While classic models of animal decision-making assume that individuals objectively assess the absolute value of options, decades of research have shown that rewards are often evaluated relative to prior experience, creating ‘contrast effects’. Contrast effects are often assumed to be purely sensory, yet consumer psychology tells us that label-based expectations can affect value perception. However, this has rarely been tested in non-model systems. Bumblebees forage on a variety of flower types that vary in their signals and rewards and show clear contrast effects when rewards are lower than their immediate previous experience. Here we manipulated bees’ expectations of a stimulus’ quality, before downshifting the reward to induce incentive contrast. We found that contrast effects were not solely driven by prior experience with a better reward, but also influenced by experience with associated stimuli. Bees were faster to accept the lower-quality reward when it was paired with a novel rather than a familiar stimulus. We then explored the boundaries of these label-based expectations by testing bees along a stimulus gradient and found that expectations generalized to similar stimuli. Such reference-dependent evaluations may play an important role in bees’ foraging choices, with the potential to impact floral evolution and plant community dynamics.

Data collection:

Data were collected between November 2020 to May 2022 at the University of Texas at Austin. Experiments were conducted by CTH.

Experiment 1:

We used worker bumblebees Bombus impatiens from commercially-reared colonies (n=3) (Koppert, USA). We used 20 bees per treatment (10 for each colour combination), with treatments equally represented across colonies (Table S2). Individuals were trained to a colour (blue or yellow) paired with a high-quality reward (8ml of 50% w/w sucrose) over three consecutive trials spaced 5 minutes apart. Within each trial, individuals visited ~10 rewarding flowers and consumed all rewards; the number of flowers visited did not differ across treatments (for additional information see Supplementary Material). Following these three training trials, bees were presented with a lower quality reward in a ‘test’ trial (8ml of 30% w/w sucrose) paired with either the familiar or a novel colour (Figure 1a).
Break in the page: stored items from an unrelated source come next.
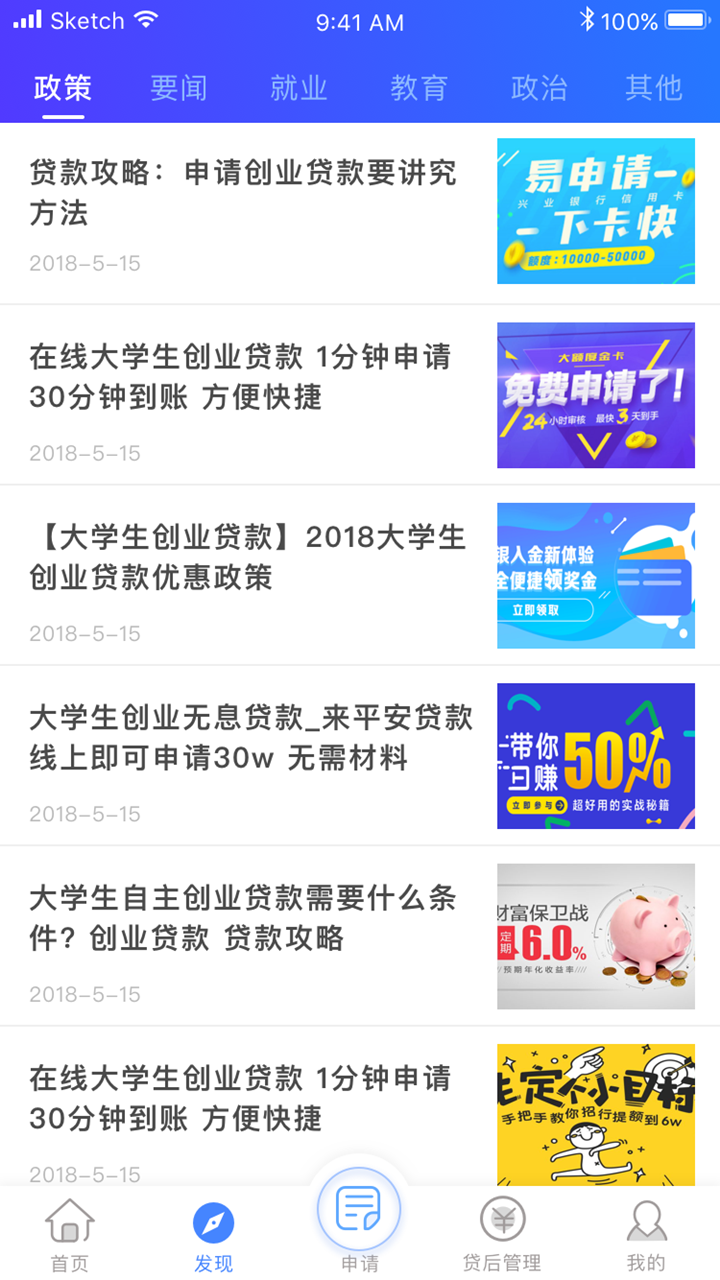 ③用户可在“发现”页面通过顶部快捷标签,方便地浏览各个类别的信息。创业政策、活动、经验知识一网打尽;每一类别下,以文章列表的形式展现内容,清晰简洁明了;
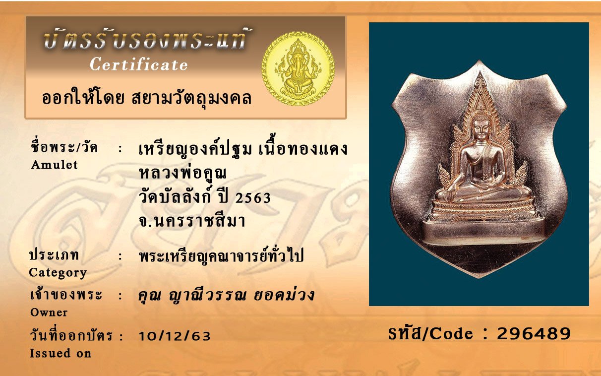 รหัสสินค้า : 296489 เหรียญองค์ปฐม เนื้อทองแดงพ. ศ. 2563 หลวงพ่อคูณวัดบัลลังก์จังหวัดนครราชสีมา
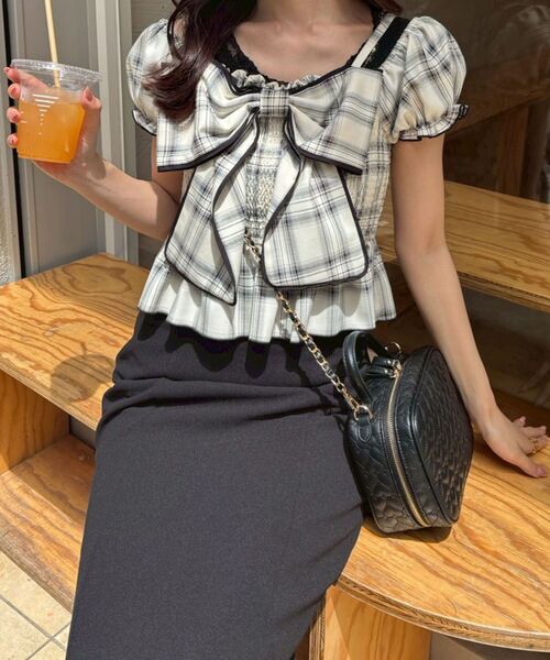 デコルテを美しく見せる、ビッグリボンが映えるブラウスが登場。■デザイン大きなリボンデザインが目を引く、立体的なシルエットとシャツライクが大人可愛い印象を引き立ててくれる一枚。ふんわりとしたパフスリーブが可愛らしく、袖口はゴム仕様でふんわりとしたシルエットをキープできます。クリアビーズとパールを使用した肩チェーン付きで、気分に合わせて取り外しも可能です◎■サイズ感肩紐で長さ調整が可能です。(チェーンの長さ調整は出来かねます。)全面シャーリング仕様なので、ストレスフリーに着用いただけます。■スタイリングデニムにもスカートにも合わせやすく、カジュアルにもきれいめにもマッチ。幅広いスタイリングが楽しめる、大人フェミニンな一枚です。・・・・・・・・・・・・・・・・・・・・・・透け感:あり([オフ]袖・裾部分)裏地:なし伸縮性:あり(シャーリング・肩口・袖口)光沢感:なし生地の厚さ:普通・・・・・・・・・・・・・・・・・・・・・・■商品のお気に入り登録 再入荷通知やのこりわずか、お得なプライスダウンの情報も受け取ることができます。ぜひご登録ください◎※サンプルでの撮影の為、製品と仕様が異なる場合がございます。※商品の色味は、撮影場所や光のあたり具合などにより色味が違って見える場合がございます。また、お客様のお使いのモニター環境などにより色味が異なって見える場合がございます。予めご了承の上ご注文下さい。[アイボリー・ブラック]表地/ポリエステル93% レーヨン7% 裏地/ポリエステル100%
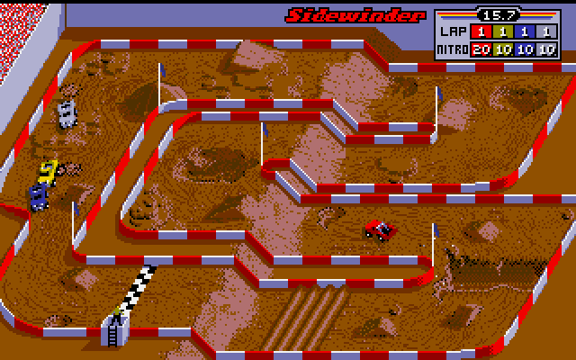 Si guidano dei pick-up su circuiti ricavati in arene con visuale isometrica dall’alto in gare frenetiche dove è possibile raccogliere nitroglicerina per dare accelerazioni decisive o bonus per altre componenti del mezzo. Non finisce certamente qui. Il ritmo è elevatissimo e la fisica rende il gameplay divertente. Ed è proprio questo che lo fa ricordare agli appassionati di retro racing games.

Our experimental nectar concentrations were designed to match natural variation found in bumblebee-visited flowers [33]. In the test trial, we recorded bees’ responses to downshifted rewards over their first 20 visits to flowers. We chose 20 successive visits based on our expectation that bees would change their acceptance of the downshifted reward over this timescale. Acceptance was measured as bees consuming the solution, while rejection was characterized by bees probing the solution and exiting without imbibing (video S1).

Experiment 2:

To determine how similar stimuli needed to be to bear the cost of higher expectations, we tested bees using a range of colour stimuli. Individuals (n= 85 from 5 colonies; Table S1) were trained to a blue stimulus paired with a high-quality reward across three training trials (Figure 1b). We then presented individuals with one of five possible colours. Four of these stimuli ranged from blue to green and were increasingly different from the originally-trained colour whilst still being discriminable to foragers [34] (chromatic contrasts calculated in the bee colour space model [35,36]; Table S1). The fifth colour was yellow, serving as a ‘novel’ stimulus as in Experiment 1. We used a slightly different blue stimulus in Experiment 2 than Experiment 1, while the yellow was the same across both experiments. Again, we measured individuals’ acceptance of the downshifted reward over their first 20 visits.

Data analysis

We used generalized linear models (GLMs) and linear mixed-effect models (GLMMs) with the glm() and glmer() functions in the lme4 package. We first analysed the differences in initial acceptance of the downshifted reward in the first visits between treatments using binomial GLMs with ‘acceptance’ as the main response and ‘stimulus type’ as the explanatory variable. We also looked at acceptance over the first five visits using binomial GLMMs with the response variable ‘accept’ or ‘reject’, the explanatory variables ‘stimulus type’ (different for each experiment) and ‘visit number’ (continuous variable), and ‘bee’ and ‘colony’ as random factors. To determine whether the number of visits before acceptance differed across treatments, we carried out GLMs with a quasi-Poisson distribution using ‘number of visits until acceptance’ as the response variable and ‘stimulus type’ as the explanatory variable. Finally, to analyse acceptance across all 20 visits we ran binomial GLMMs with the response variable ‘accept’ or ‘reject’, the explanatory variables ‘stimulus type’ (different for each experiment) and ‘visit number’ (continuous variable), and ‘bee’ as a random factor. We also included ‘colony’ as a random factor in Experiment 2, but not Experiment 1 due to a singularity issue.